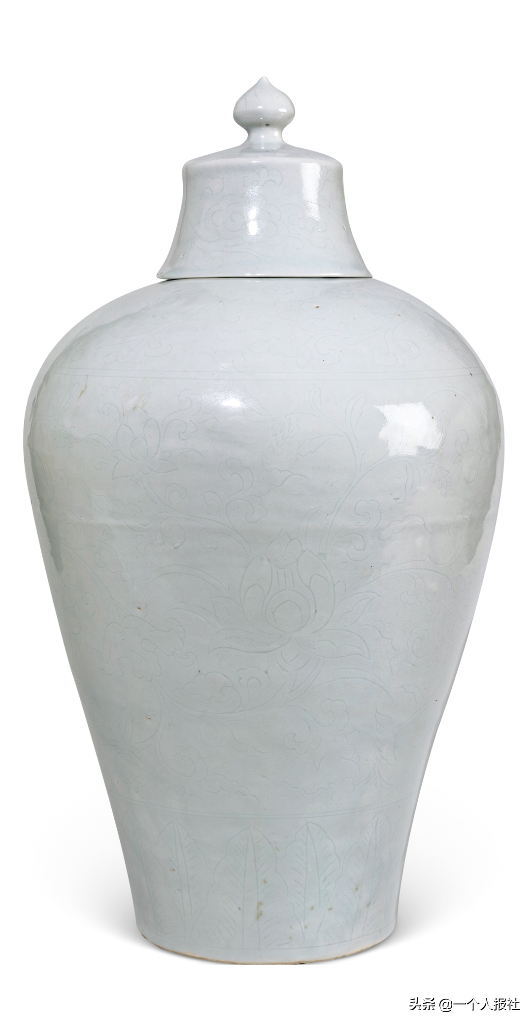 明永乐甜白釉暗刻缠枝莲纹带盖梅瓶
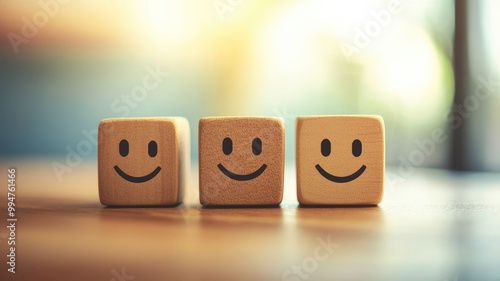 Three wooden cubes with smiling faces on table, representing happiness, positivity, and joy
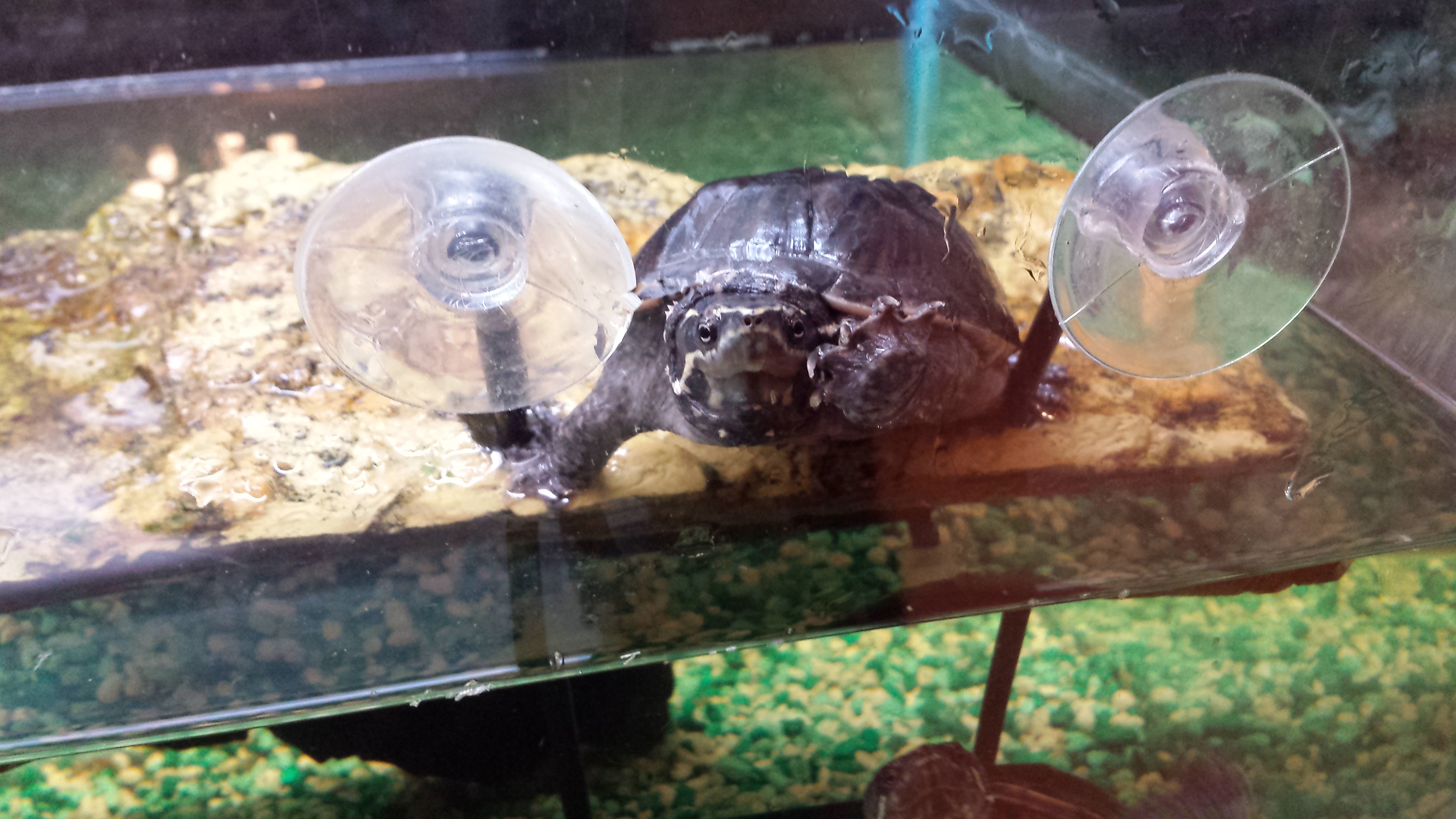 My year old musk turtle. There's another one hiding under a log somewhere. We originally brought 4 for each of the ninja turtles but two didn't live longer than a couple of months :-(
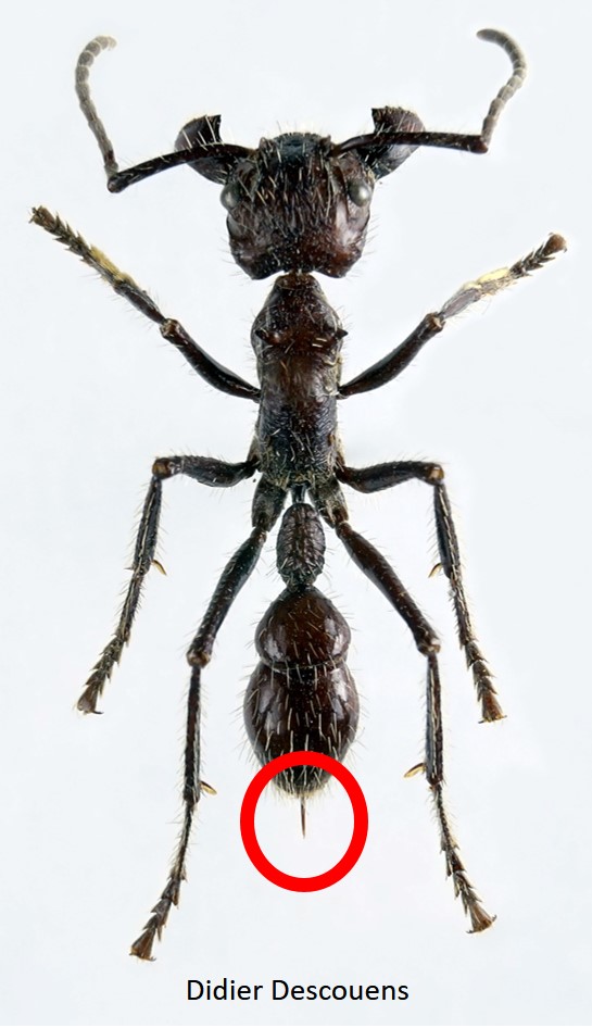However to the south, in the tropical rainforests of Central and South America, is a creature with an even more painful sting. This is the bullet ant -- a large black ant that can reach up to 1.2 inches in length. Notice the long stinger at the
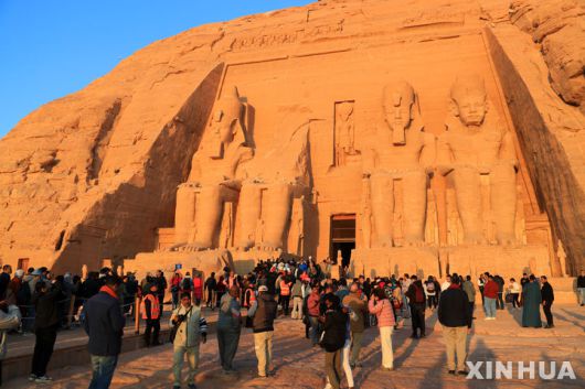 [아스완=신화/뉴시스] 22일(현지시각) 이집트 아스완에서 태양 축제가 열려 관광객들이 아부 심벨 대신전을 방문하고 있다. 매년 2월 22일과 10월 22일에 열리는 태양 축제 동안, 아침 햇살이 아부 심벨 신전의 가장 안쪽까지 도달해 내부 조각품들을 비추는 장관을 연출한다. 2024.02.23.
--
» EXERCISE DIRECTIONS
Output only the lines running from the one containing "However to the" to the end of the records, inclusive and exact; skip the pictures.

» EXERCISE OUTPUT
However to the south, in the tropical rainforests of Central and South America, is a creature with an even more painful sting. This is the bullet ant -- a large black ant that can reach up to 1.2 inches in length. Notice the long stinger at the
 [아스완=신화/뉴시스] 22일(현지시각) 이집트 아스완에서 태양 축제가 열려 관광객들이 아부 심벨 대신전을 방문하고 있다. 매년 2월 22일과 10월 22일에 열리는 태양 축제 동안, 아침 햇살이 아부 심벨 신전의 가장 안쪽까지 도달해 내부 조각품들을 비추는 장관을 연출한다. 2024.02.23.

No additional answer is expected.